Mas o que efetivamente demonstrou ser o cavalo de batalha de nossas experiências foram as questões dialetais. Partindo do debate acerca da situação dialetal do Brasil, comparando-a com a fragmentação dialetal da România, em suas características gerais, obviamente, notou-se um movimento espontâneo do corpo discente em relação à pesquisa acerca dessa temática. Embora filtrada pela perspectiva sociolingüística, os alunos absorvem satisfatoriamente os conceitos ligados à geografia lingüística e à dialetologia, tanto é que,se até o semestre passado a incidência de trabalhos de conclusão de curso sobre o tema era insignificante, hoje ela constitui cerca de 15% dos temas que estão sendo elaborados.

CONSIDERAÇÕES FINAIS

Não há disciplina mais fácil do que outra.

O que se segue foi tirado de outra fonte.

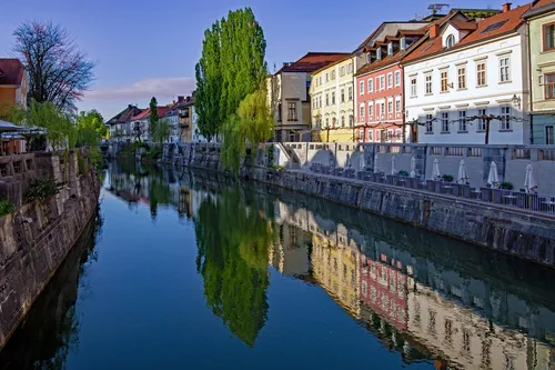 Die Ljubljanica ist ein malerischer Fluss, der durch das Herz von Ljubljana fließt und sich ideal eignet, um die reizvollen und idyllischen Spiegelungen der lebhaften Architektur der Stadt von ihren verschiedenen Brücken aus einzufangen. Die Ribja brv, auch bekannt als die Fisch-Fußgängerbrücke, ist eine zeitgenössische Fußgängerbrücke, die einen einzigartigen Aussichtspunkt bietet, um sowohl den Fluss als auch die dynamischen Ansichten der Altstadt festzuhalten. Entworfen vom Architekten Jurij Kobe, bietet sie einen eleganten modernen Kontrast vor der historischen Kulisse Ljubljanas. In der Nähe bieten die Ufer lebhafte Cafés, Kunstinstallationen und charmante Märkte, die Foto-Reisende einzigartige Möglichkeiten zum Einfangen einer Mischung aus urbanem Leben und ruhigen Wasserszenen bieten. Die Brücke ist besonders fotogen bei Dämmerung, wenn sich die Lichter der Stadt wunderschön im Wasser spiegeln.
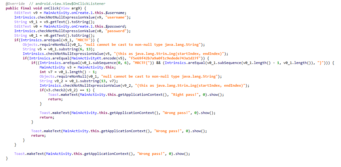 这里就是点击的监听,首先登录用户名已经限定为MRCTF
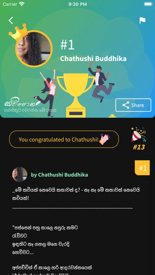 Most people tend to write their thoughts on paper when they're alone. They never think about the value of sharing them with others. With 'Kavi Potha,' you don't have to write poems on books anymore. You don't have to worry about losing your valuable poem books anymore. Now you can write and share your poems digitally using the 'Kavi Potha' app.
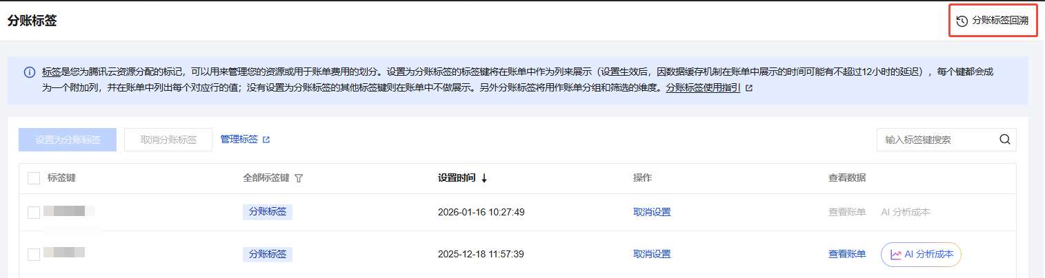 若您已为资源分配了标签且成功设置分账标签后,从当月起可从账单 API 中获取标签相关信息。
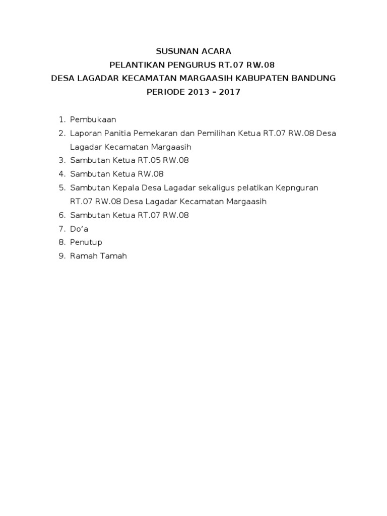 Orang terpenting disitu bisa kepala sekolah kepala desa atau camat. Contoh naskah pidato sambutan ketua rt rw lurah baru atau ketua osis. Pada hari ini SABTU tanggal 01 bulan NOVEMBER tahun 2014 ditempat ini saya Nama Ketua Lama menyerahkan jabatan Ketau Karang Taruna Ristansari kepada Sdr.

Qualquer estudante ou docente universitário que seja consciente de seu papel no mundo acadêmico e na sociedade concordará conosco em afirmar que toda disciplina exige esforço e empenho para que a tarefa seja levada adiante de forma proveitosa.

No caso das disciplinas aqui examinadas, vale ressaltar, porém, que a carência, essencialmente, em termos de cultura geral, é o maior entrave para que o aluno efetivamente tome consciência do caminho percorrido por sua língua e por suas congêneres, e de como esses caminhos se cruzam.

Posto que a língua é apenas a ponta do iceberg de um processo de aculturação ocorrido há centenas de anos, é necessário despertar no aluno a sensibilidade para compreender que, mais do que a uma comunidade lingüística neolatina, pertencemos a uma comunidade cultural românica que, mesmo sem percebermos, deixa seus traços profundos em nosso modo de ser.

A dialetologia tem se mostrado uma boa maneira de despertar essa consciência, haja vista o interesse que os próprios alunos demonstraram em conduzir estudos mais aprofundados nessa direção e, o que é talvez o mais importante, vinculando-os a sua região, sua cidade, seu povoado. É o resgate não só da língua, como dos usos, costumes, enfim, da cultura do povo brasileiro.